The following graphs appeared.
Random data
Sorted data
Reverse sorted data
Nearly Sorted data
It is possible to conclude that the best sorting algorithm was the Quick Sort followed by Merge Sort, with a very low execution time compared to the rest of the sorting methods.
The slowest one was the Bubble sort as it constantly compares the list of elements by pairs, which turns out to be very inefficient with large arrays.
This means that the size of the arrays randomly generated have a max. size of 1000. There were 10 different input sizes, starting from 100, then 200... up to 1000.
The quadratic algorithms (Bubble, Selection, Insertion in average case) show a visibly accelerating growth as input size increases.

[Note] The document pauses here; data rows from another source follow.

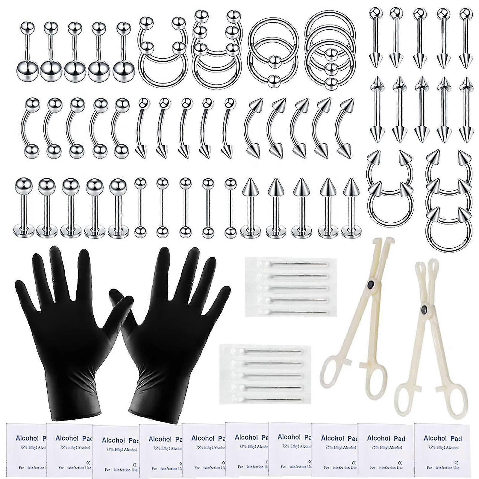 84pcs Body Septum Piercing Kit 14g 16g Tools For Nose Tongue Nipple Lip Ear Eyebrow Belly Button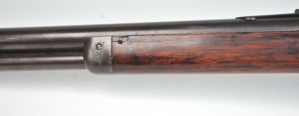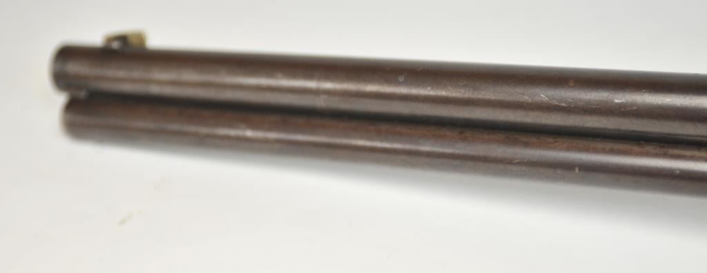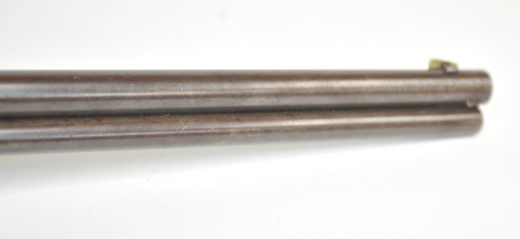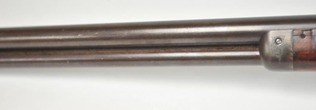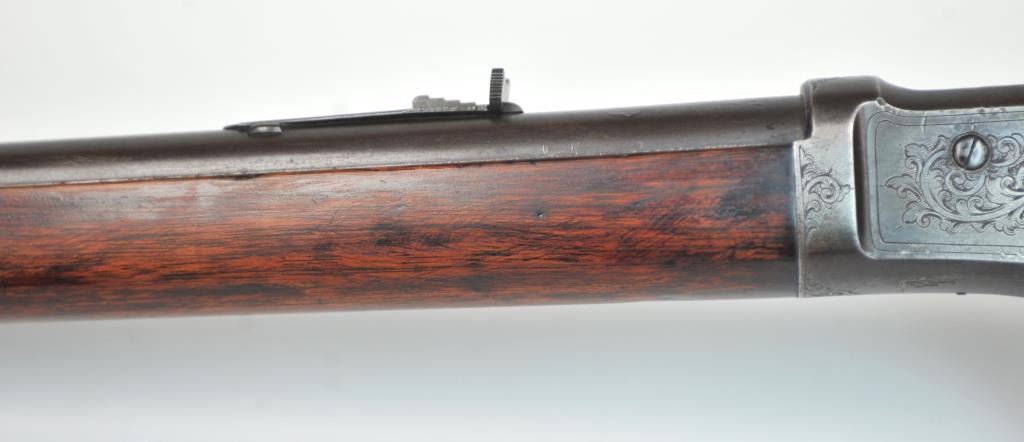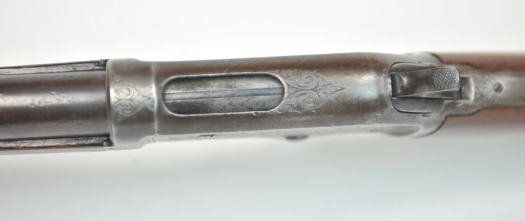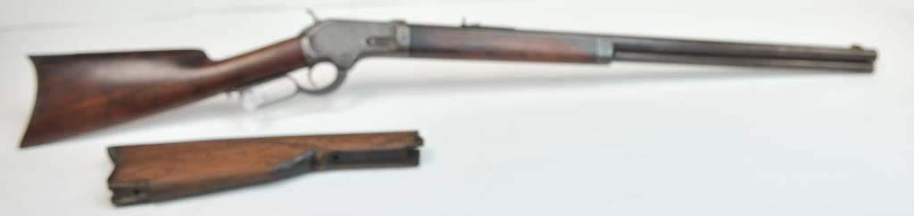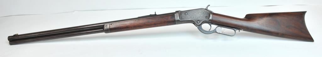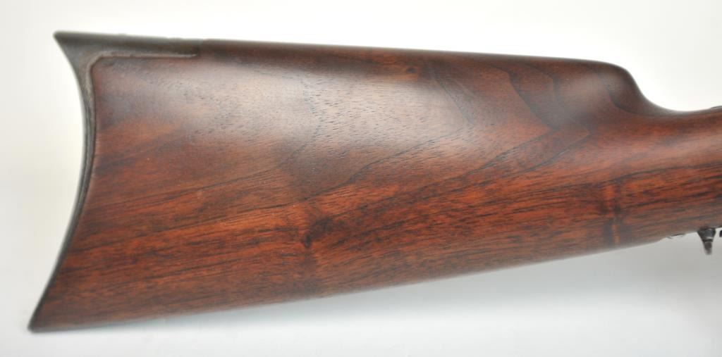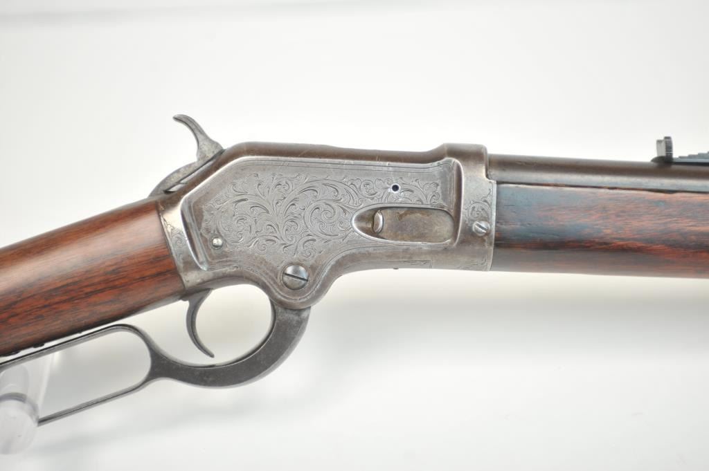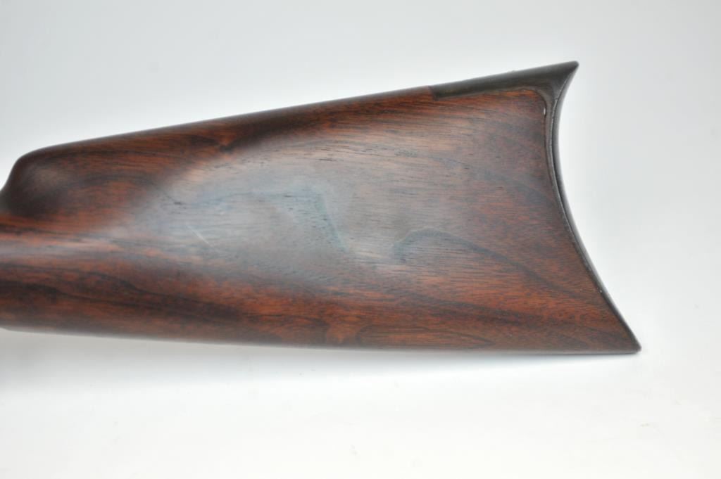 Colt Burgess Lever Action Rifle in .44-40 caliber S/N 1913 showing period New York scroll engraved. Good to very good overall condition showing a blue to brown patina with good markings and good bore. The engravingis absolutely authentic to the period and may be the shop of L.D. Nimschke who worked through the New York distributions like Schuyler, Hartley and Graham. The butt stock is an excellent restoration and the originalis included also. From a major Montana collector who looked 50 years to find one and experts estimate less than a dozen authentic engraved Burgess Rifles are extant. (Antique) $10,000-$20,000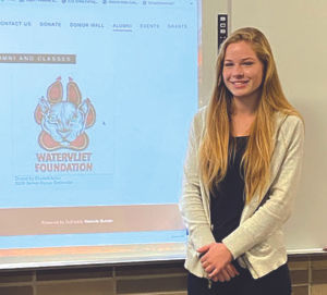 WINNING DESIGN… 2020 Watervliet High School graduate Alyssa Schlender was honored at the recent Watervliet Public Schools Foundation meeting for her talented artwork selected as the trademark for the foundation. Though the drawings had been submitted much earlier this year, due to the COVID-19 pandemic she was never honored as she should have been. Her artwork can be found on their website, https://wps-foundation.org. Information on donating to the foundation, its mission, and goals can be found on the website as well. (TCR photo by Annette Christie)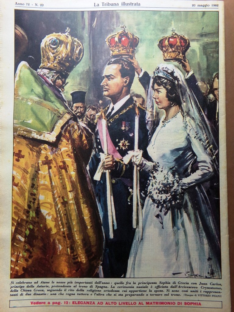 Si celebrano ad Atene le nozze più importanti dell'anno: quelle fra la principessa Sofia di Grecia con Juan Carlos, principe delle Asturie, pretendente al trono di Spagna. La cerimonia nuziale è officiata dall'Arcivescovo Crysostomo, della Chiesa Greca, seguendo il rito della religione ortodossa cui appartiene la sposa. Si sono così uniti i rappresentanti di due dinastie: una che regna tuttora e l'altra che si sta preparando a tornare sul trono (disegno di Vittorio Pisani)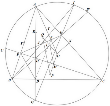 Cho tam giác nhọn \(ABC\) có \(AB < BC < CA\), nội tiếp đường tròn \(\left( O \right)\). Các đường cao \(AD,BE\) và \(CF\) của tam giác \(ABC\) cắt nhau tại \(H\). Tia \(AD\) cắt đường tròn \(\left( O \right)\) tại điểm \(G\), tia \(GE\) cắt đường tròn \(\left( O \right)\) tại điểm \(I\) (\(G\) khác \(A\) và \(I\) khác \(G\)). Gọi \(J\) là giao điểm của \(BI\) và \(EF,K\) là giao điểm của \(OA\) và \(EF\).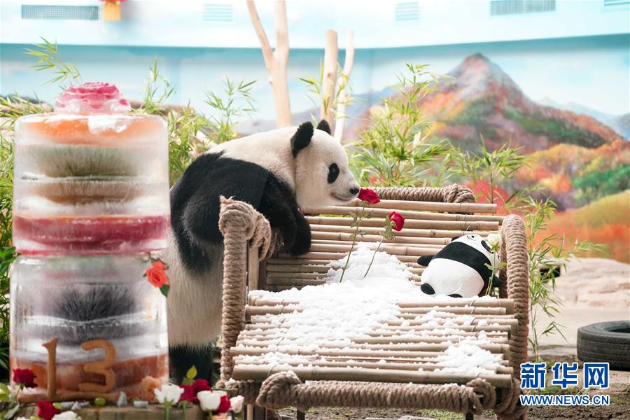 8月12日,大熊猫思嘉在熊猫馆内活动。 新华社记者 王松 摄

The O(n log n) algorithms (Merge and Quick) grow much more slowly.The difference becomes more significant as n approaches 1000. Also, the gap between O(n^2) and O(n log n) increases non-linearly.
The experimental results confirm the theoretical time complexities. Quadratic algorithms exhibit rapid growth as input size increases, while divide-and-conquer algorithms remain significantly more efficient. Quick Sort achieved the lowest observed execution time under the tested conditions, validating its practical efficiency for random input distributions.
Also, the following results are shown along with the previous graphs.
For n = 1000, an O(n^2) algorithm performs on the order of one million operations, while an O(n log n) algorithm performs roughly ten thousand operations. This explains the increasing separation between the curves.
In order to generate a professional and effective test coverage, an environment was installed and created following the instructions of the professor.
A document called requirements.txt containing the name of the dependencies was ran with the command pip install -r requirements.txt, which then helped with the testing part.
The folder tests contains 2 tests generated by ChatGPT, and these were ran with the command py -m unittest discover.
The following results appeared.
Now, in order to know the test coverage, the command used was coverage run -m unittest discover, followed by typing "coverage report". This were the results.
This means that the tests cover up correctly the code with the sorting methods and data generator, showing complete results for both the execution and testing of the algorithms.